### [Data extract]
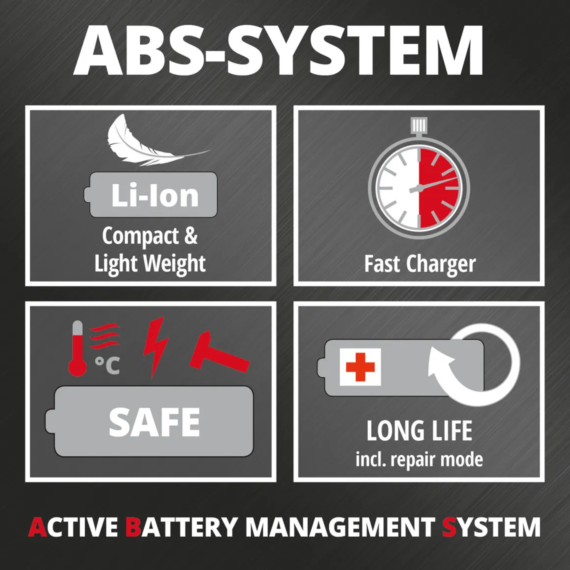 - Akkukapazität: leistungsstarker Lithium-Ionen-Akku mit einer Kapazität von 2 Ah
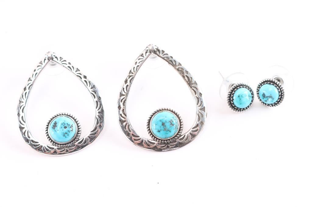 (1) Pair of tear drop shaped earrings with turquoise, sterling; and (1) Pair of turquoise studs all sterling.
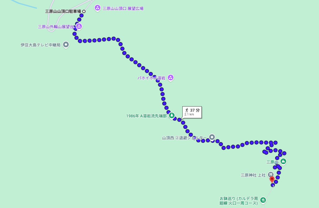もっとも一般的で、歩きやすいのが「三原山頂口」から出発するコースです。

### [Exercise instructions]
Output the listing unchanged, pictures excluded.

### [Exercise solution]
 - Akkukapazität: leistungsstarker Lithium-Ionen-Akku mit einer Kapazität von 2 Ah
 (1) Pair of tear drop shaped earrings with turquoise, sterling; and (1) Pair of turquoise studs all sterling.
もっとも一般的で、歩きやすいのが「三原山頂口」から出発するコースです。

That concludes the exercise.